Staying Organized as a Manager

When you’re responsible for several teams and a dozen people, the hardest part of a meeting isn’t the meeting itself— it’s remembering what you wanted to say, capturing what was said, and following up afterward. For me, staying organized became both a survival skill and an ongoing experiment.

Over the years, I tried different approaches: from minimalist note-taking to complex visual boards. Each came with strengths and pitfalls. This is a report of what I tried, how it worked, and what I’d recommend if you’re wrestling with the same challenges.

Markdown Notes: Simple and Flexible

My first attempt was simple markdown files in Obsidian and Typora. I created one doc per person I regularly met with, adding entries with timestamps, and separate docs for special topics.

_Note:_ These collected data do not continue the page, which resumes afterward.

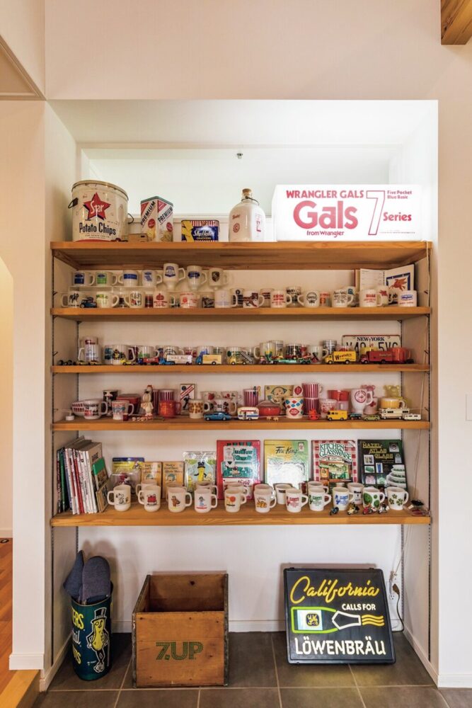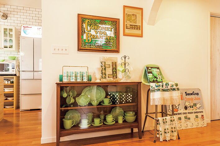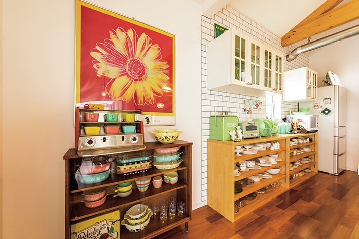 キッチンだけでなくリビングの各所にある棚の中にも大好きなファイヤーキング&パイレックスの食器がギッシリ!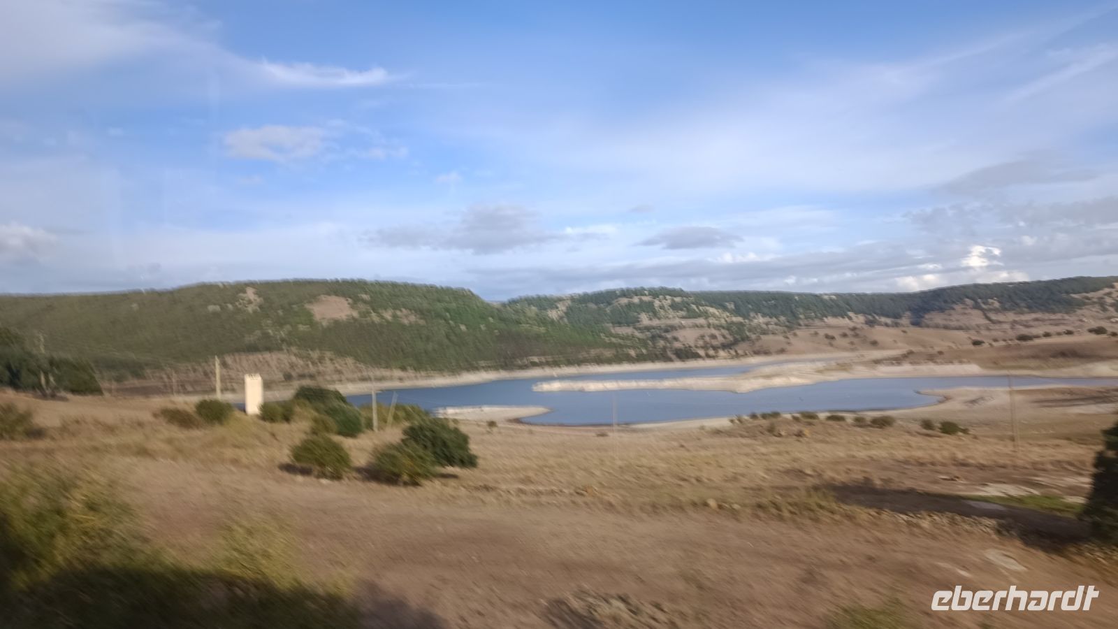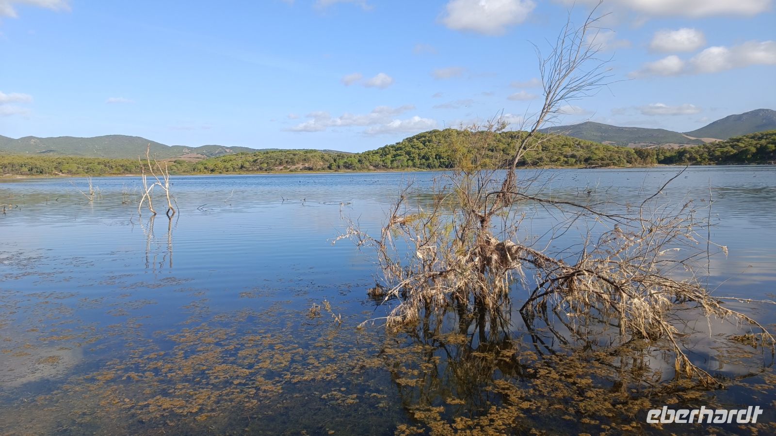 In der Ferne erkannte man den künstlich angelegten Stausee Lago di Liscia zur Wasserversorgung des ehemaligen Hirtendorfes Arzachena, das durch den reichen Aga Khan in den 1960iger Jahren zur modernen Stadt avanzierte. Sardinien hat bis auf den Baratzsee keinen einzigen natürlichen Süßwassersee.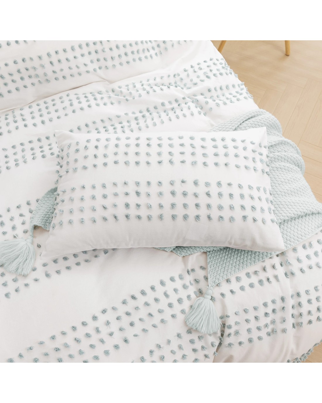 Dreamaker Clovelly Tufted Stripe Quilt Cover Set - King Bed - White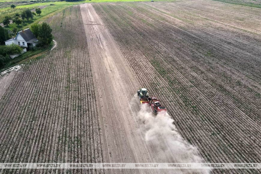 29 августа, Бобруйск /Корр. БЕЛТА/. В СПК "Гигант" Бобруйского района приступили к уборке картофеля. В хозяйстве планируют получить урожайность этой культуры 300 - 350 ц/га.-0-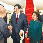 3月30日,国家主席胡锦涛乘专机抵达金边国际机场,开始对柬埔寨进行国事访问。这是胡锦涛主席和夫人刘永清在机场受到柬埔寨国王代表拉那烈亲王和柬埔寨副首相贡桑奥等热情迎接。新华社记者黄敬文摄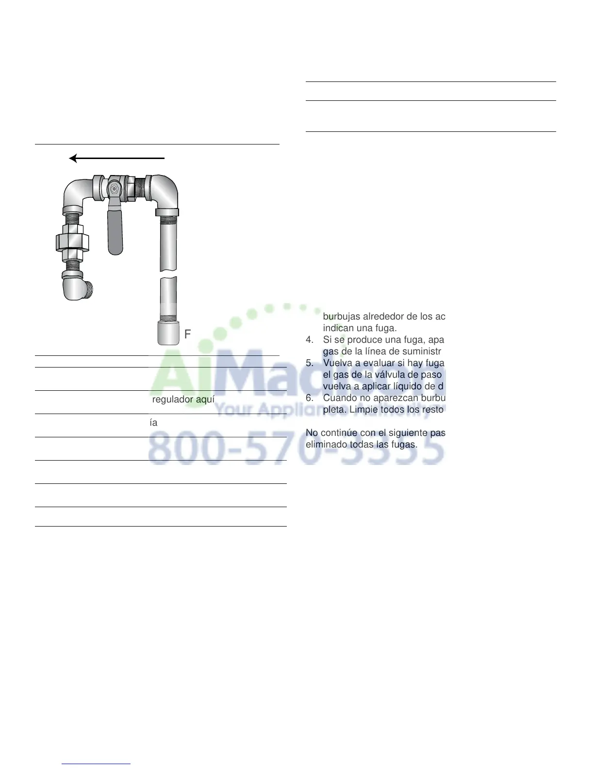 gas de la línea de suministro y apriete las conexiones.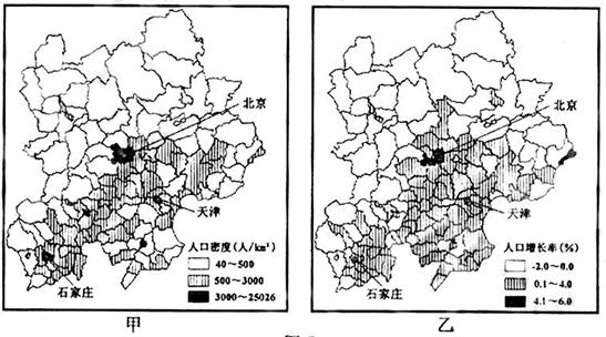 下图甲、乙分别示意京津冀都市圈2000年人口密度分布和人口增长率。完成4-5题。

  • Pros: lightweight, distraction-free, searchable, and portable.
  • Cons: too flexible, messy without discipline, poor overview, no collaboration.

Markdown shines for minimalists, but at scale it felt like herding cats.

Visual Boards in Miro

Later, I switched to Miro. I kept one private board for myself and shared boards with my directs.

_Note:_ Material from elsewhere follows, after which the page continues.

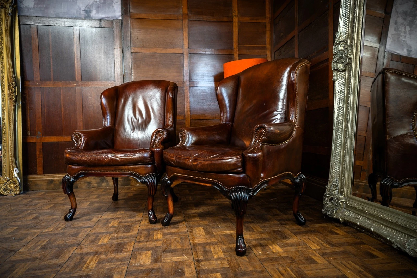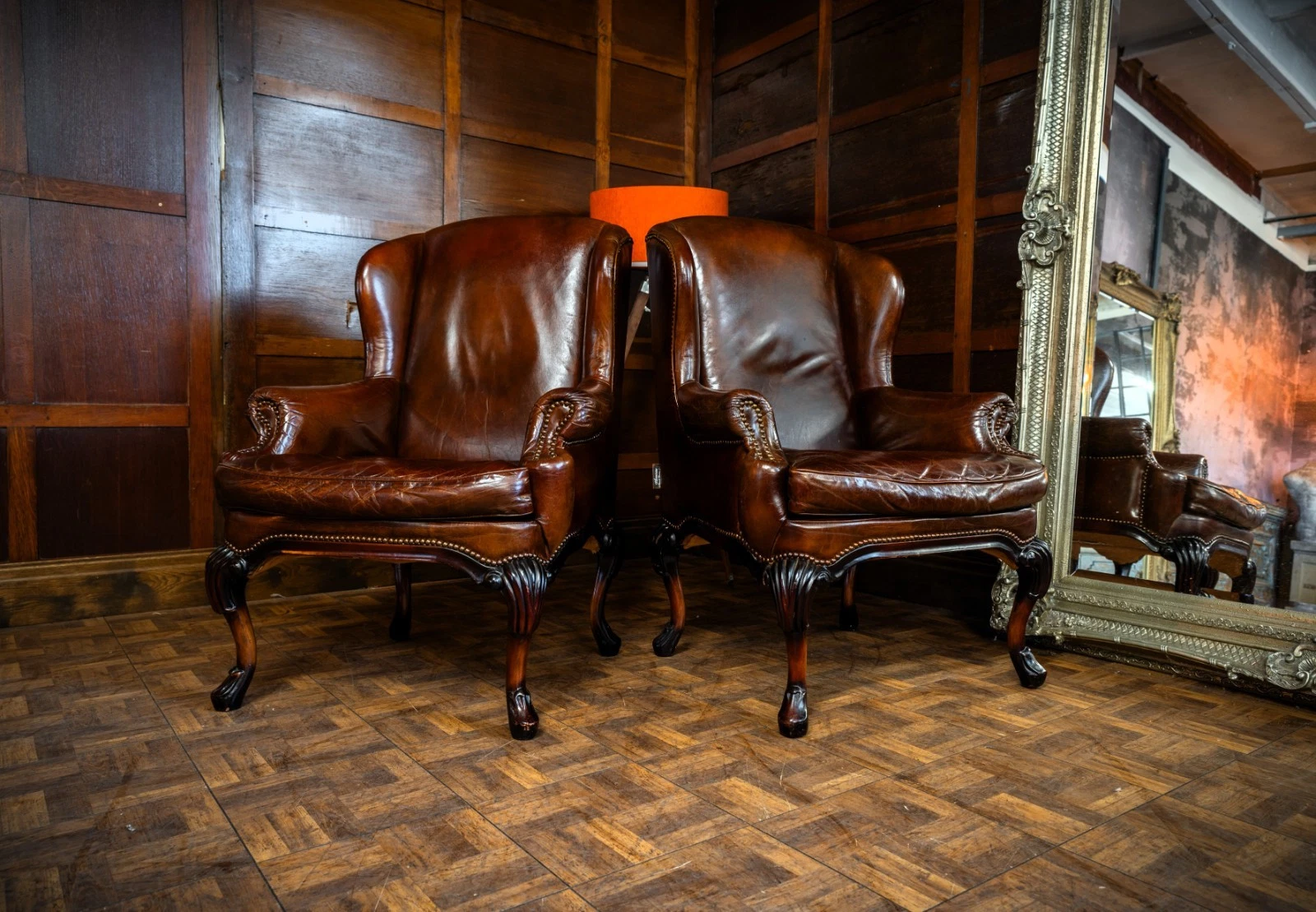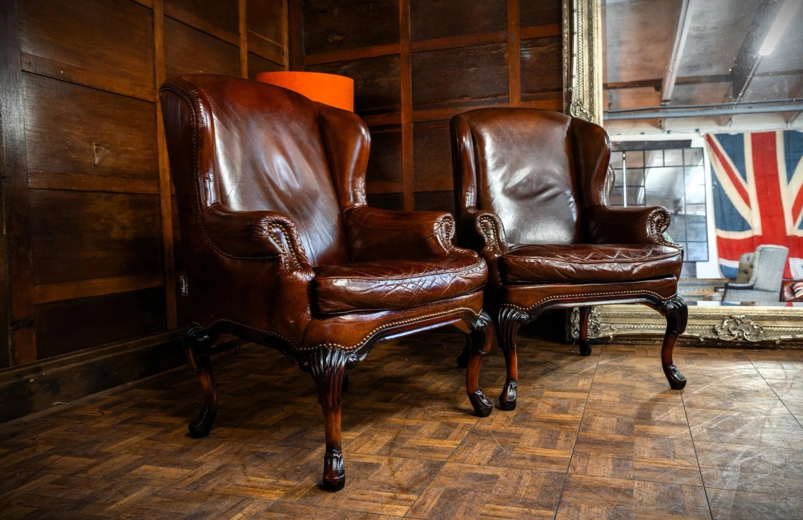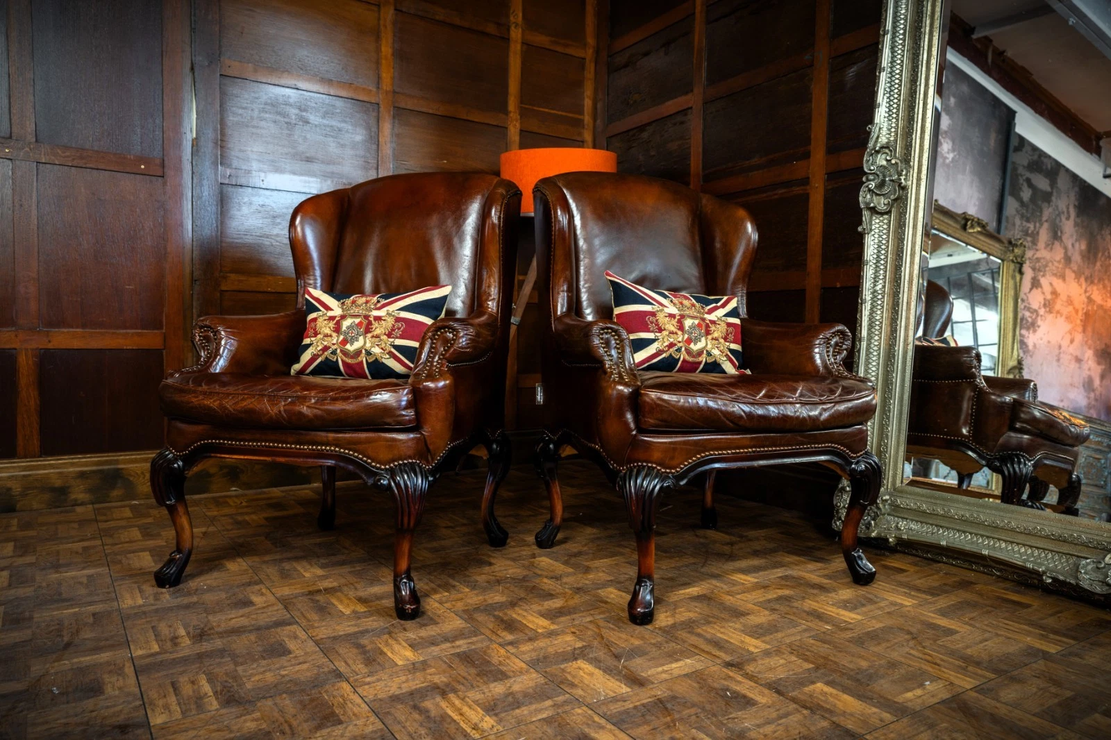 PAIR of HALO, TOMOTHY OULTON for ARTFORMA TAN BROWN CARVED & STUD DISTRESSED LEATHER CHESTERFIELD GEORGIAN LIBRARY ARMCHAIRS
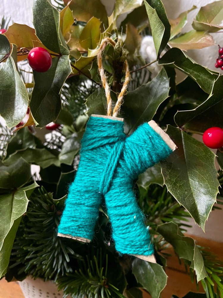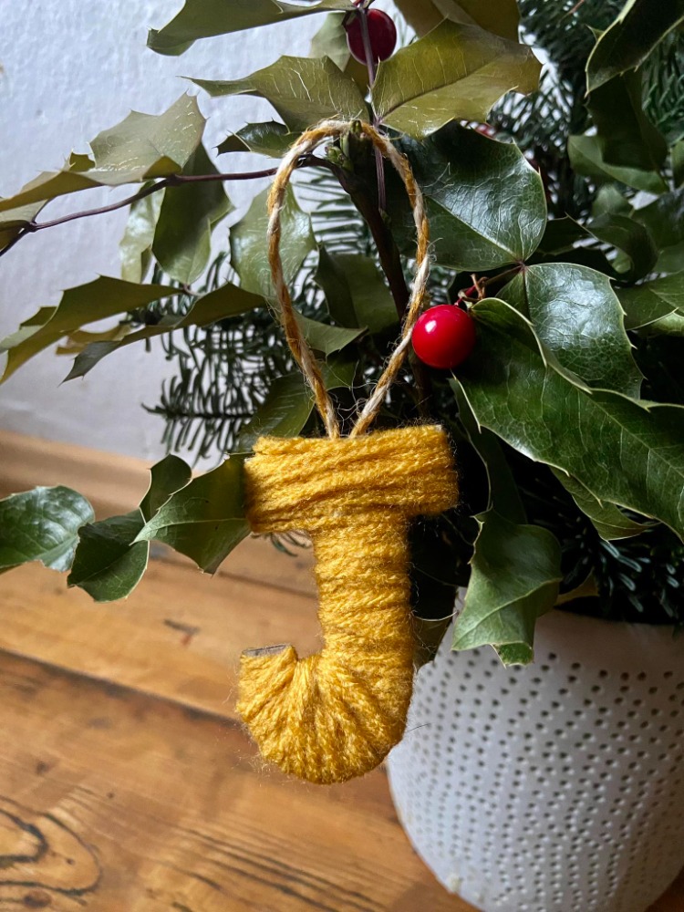 Na karton si nakreslíme začáteční písmeno svého jména a vystřihneme. Tavnou pistolí si přilepíme ustřižený provázek na karton, tak abychom vytvořili poutko a mohli písmenko kamkoliv zavěsit. Také přilepíme začátek bavlnky. Písmeno obmotáváme bavlnkou a utahujeme dokud karton nebude úplně celý schovaný.

  • Pros: highly visual, collaboration-friendly, and flexible.
  • Cons: clutter risk, slower to update, requires team adoption.

Miro worked best for overviews and transparency, though it sometimes felt like overkill for daily notes.

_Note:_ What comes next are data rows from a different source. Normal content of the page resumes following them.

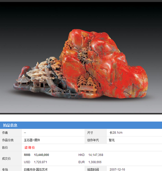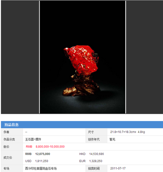 鸡血石历年成交记录: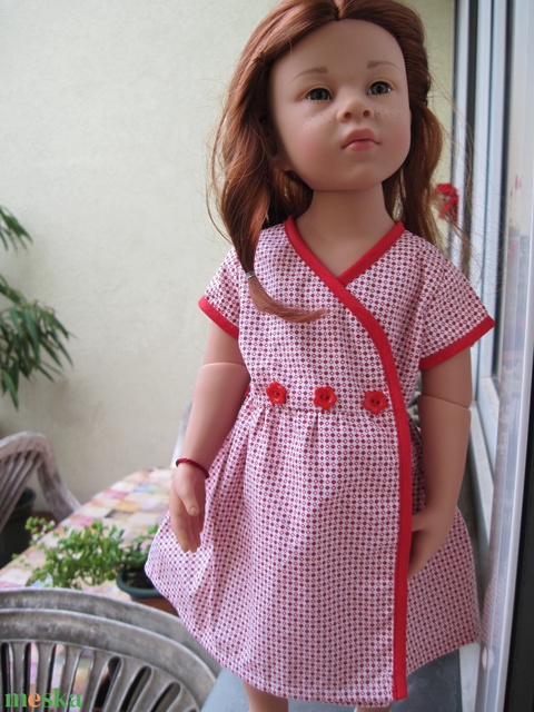 - Anyaga: pamutvászon, piros szegőpánt, piros gombok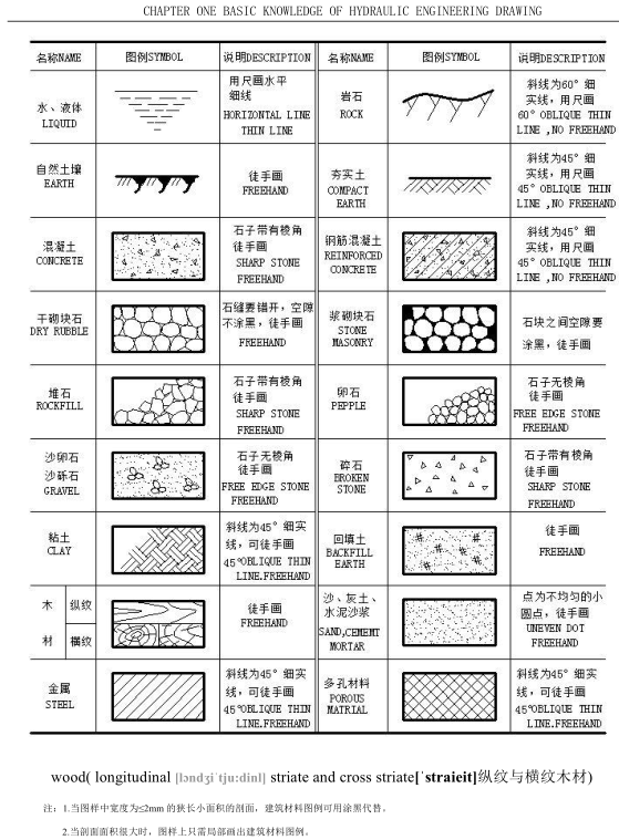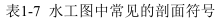图样中的剖面符号应按国标《技术制图》和行业标准《水利水电工程制图标准》的规定绘制。水工图中常用的剖面符号见表 1-7。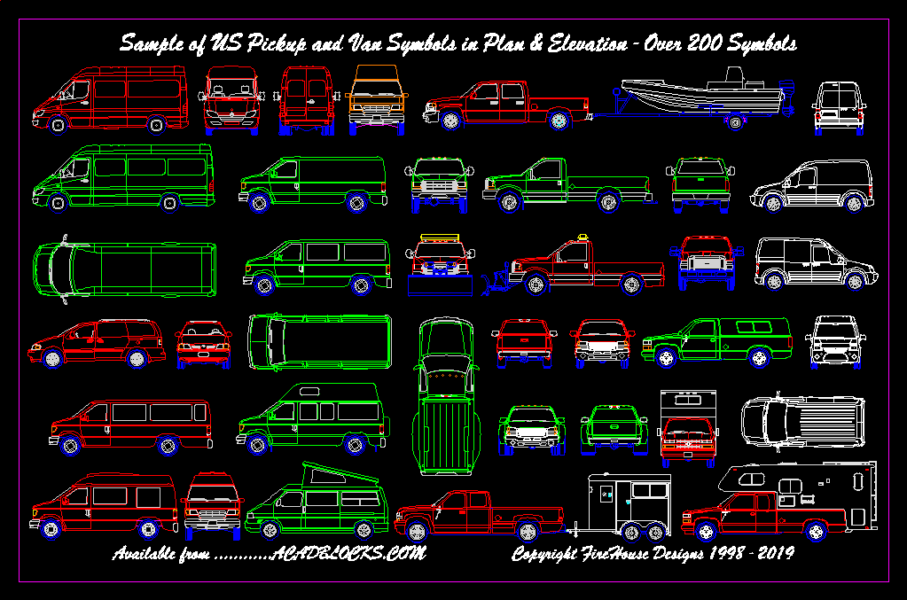 US PICKUP AND VAN BLOCKS OR CELLS - PLAN & ELEVATION

Confluence: Structured but Heavy

I also experimented with Confluence, trying to replicate personal notes and team boards.

  • Pros: structured, integrated with Atlassian, searchable.
  • Cons: heavy, not flexible, risk of outdated pages.

Great for official knowledge, less suited for the rapid pace of daily notes.

Pen and Paper: The Old Reliable

Despite all the software, pen and paper became a constant. A daily sheet with tasks kept me grounded.

  • Pros: zero friction, physical satisfaction, always visible.
  • Cons: not searchable, not shareable, no backup.

Paper works best as a daily companion alongside digital tools.

The lesson: no single tool solves everything. Different tools shine in different contexts. Use markdown or paper for daily tasks, Miro for collaboration and overview, Confluence for structured documentation.

Final Thoughts

Staying organized as a manager is less about tools and more about habits. Tools amplify good habits or get in the way of bad ones. My best meetings came from short, visible lists of what mattered most— whether scribbled on paper, in markdown, or mapped on a board.

If you’re struggling with meeting overload, experiment, mix analog with digital, and remember: the goal isn’t perfect notes. It’s freeing your mind so you can focus on your people.